Pet health and well-being applications.The market for IoA products for our companion animals seems particularly bright. When it comes to the animals we keep as pets, more and more folks are treating them as, in Forbes’ words, “basically people.” In the United States, most of us will not be surprised to learn that in 2016, 95 percent of pet owners consider their pets as part of the family. And we spend significant amounts of money on these family members. The American Pet Products Association found in 2016 that U.S. pet owners spent $62.75 billion on their pets, and in 2017 it estimates that will rise to $69.36 billion. Some of these IoT products incorporate gaming to stimulate home-alone pets and video technology to allow owners to remotely watch (or video chat with) stay-at-home critters.

Blockchain applications for production animals:To address the growing consumer desire for transparency, especially about where their food comes from, the market will have to respond with automated solutions providing trackable and verifiable information about animal health, food safety and quality. This is a near-perfect opportunity for leveraging blockchain technology to provide a trustworthy, easy-to-access record of every transaction in a given food’s route through the supply chain, from farmer to distributor to consumer. The challenge will be driving out  expense and automating an otherwise onerous validation process to better position farmers’ products to meet consumers’ changing expectations.

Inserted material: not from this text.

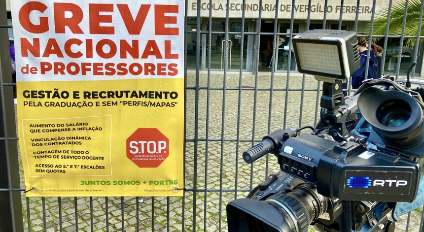 A jornalista Sónia Lobo Silva falou com André Pestana, presidente do Sindicato de Todos os Profissionais da Educação, à porta de uma das escolas encerradas devido à greve dos professores.

Revolution? Maybe not as fast as the hype.

These examples have various products applying IoT technologies to deliver real and actionable value for animal health management, on the farm, at home and in the wild. It’s still early in the development of IoA, however, as most examples start with relatively simple data that can be efficiently collected and processed. Prices of IoT enabling technology will continue to drop, driving additional innovation in the animal health ecosystem.

And we’re just getting started. For example, further afield, there’s research underway to apply facial recognition technology to animals (to identify distress, for example). Same goes for voice recognition – perhaps we can develop enough AI to detect and act upon the emotion and patterns in animal noises. There’s been an uptick in news about animal intelligence – the ability of some smart birds to apply complex economic concepts to get rewards of their choosing, new methods of measuring animal cognition including use of MRIs, and studies tracking the role of evolution and “culture” in migrations.

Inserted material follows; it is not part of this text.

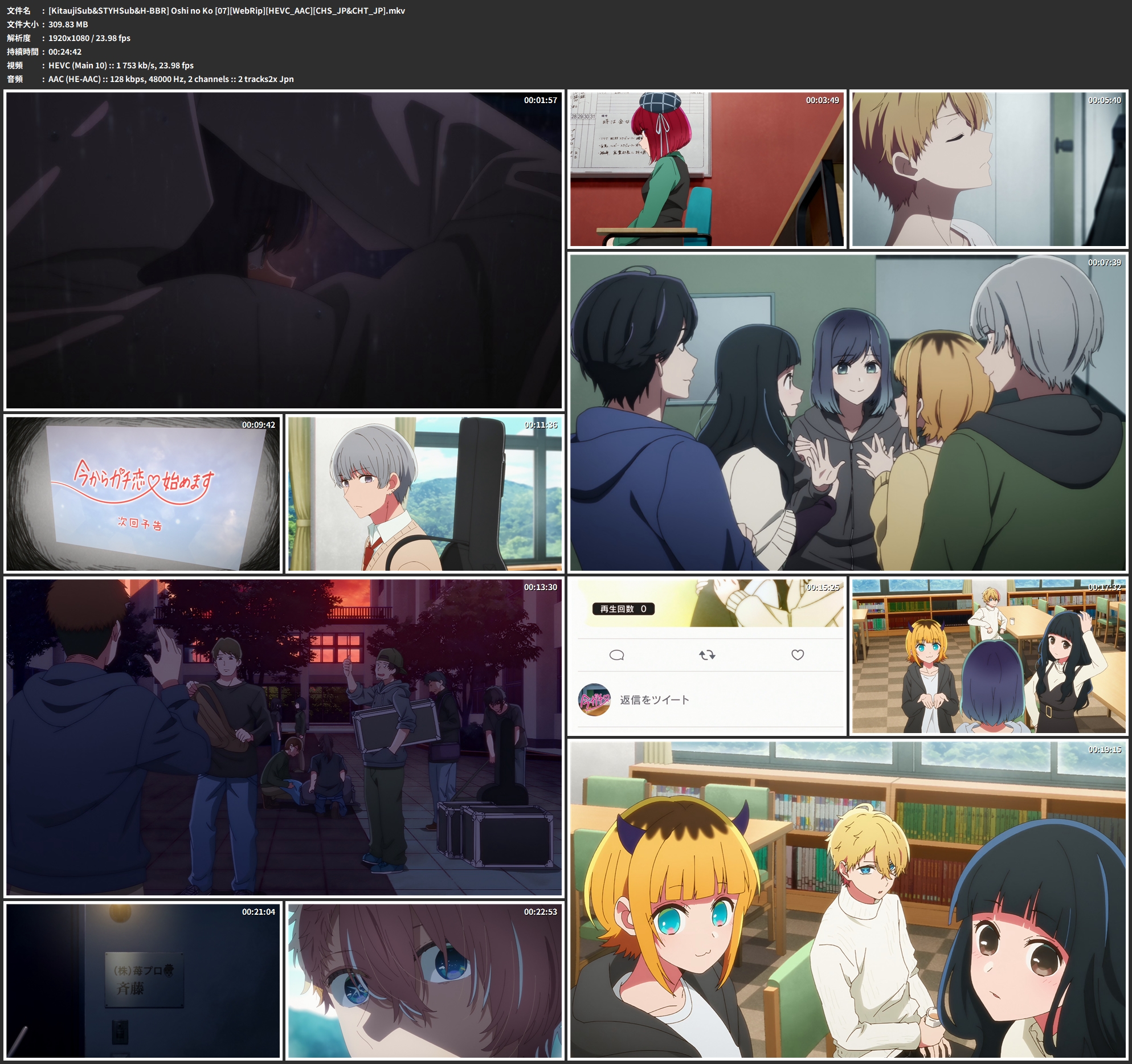 [KitaujiSub&STYHSub&H BBR] Oshi no Ko [07][WebRip][HEVC AAC][CHS JP&CHT JP]

What’s next? These areas of research will take time – years – before we will see the development of  meaningful products to improve animal health and well-being. Meanwhile, the increasing miniaturization of sensors and increasing speed of processing will continue to provide new insights from ever-expanding datasets. Like the quantified self, we will soon have the quantified cat and dog and cow, or at least the data that can help us interpret the animals in our world. It’s likely that we’ll keep pursuing these paths with other species, too, leading us to the inevitable Internet of Insects, the wired hive and more.